To conclude Big Data Week, we are holding a hands-on introductory Hadoop workshop on Saturday, April 27th. You've heard and read about it everywhere, now come learn what it is and how to use it. By the end of the workshop, you will have gained a solid understanding of the Hadoop ecosystem, successfully set up a Hadoop cluster, and ran several different types of queries on the data.
The price per attendee is $150.
To maximize value to the attendees, this workshop is limited to the first 20 people that RSVP.
What to Bring:
- Your laptop
- Printed copy of your ticket
What You Will Learn:
- What Hadoop is and how it works
- How to run a MapReduce script
- Use cases where Hadoop should be used
- How to use Pig, Hive, and Mahout
Introduction to Hadoop
- HDFS & MapReduce
- Hadoop History, Adoption, & Maturity
- Hadoop Distributions
The Hadoop Analytics Ecosystem
- Pig - high-level data-flow language and execution framework for parallel computation.
- Hive - data warehouse infrastructure that provides data summarization and ad hoc querying.
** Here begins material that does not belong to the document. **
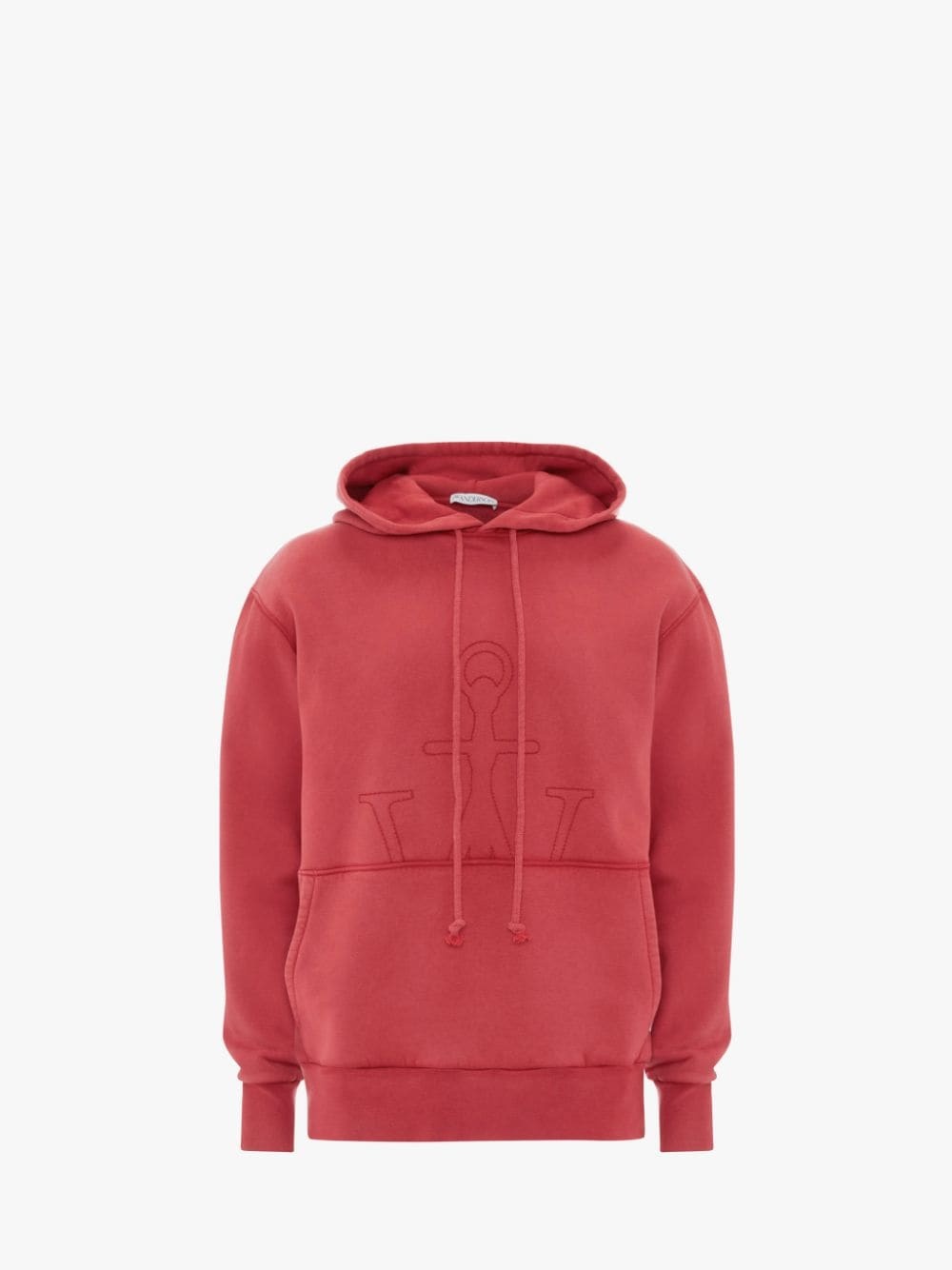 - Classic fit hoodie - Dropped shoulder - Tonal cord ties - Wash finish with contrast oversized anchor logo on front - Ribbed cuff and hem - Unisex style - fits true to size, take your normal size Details - Colour: Red - Composition: 100% Cotton - Medium weight - Soft brush finish - Natural stretch - Garment wash - Made in Portugal

- Mahout - machine learning and data mining library.
Setting Up and Running Hadoop
- Setting up clusters
- Running Hadoop on Amazon EC2
- Hadoop Streaming - R, Python, Shell
Marck Vaisman, Owner & Principal Data Scientist, DataXtract LLC
Marck is a co-founder of Data Community DC, runs the Statistical Programming DC Meetup group, and is the owner of data science consulting company DataXtract. He has an MBA from Vanderbilt and a MS in Mechanical Engineering from Boston University.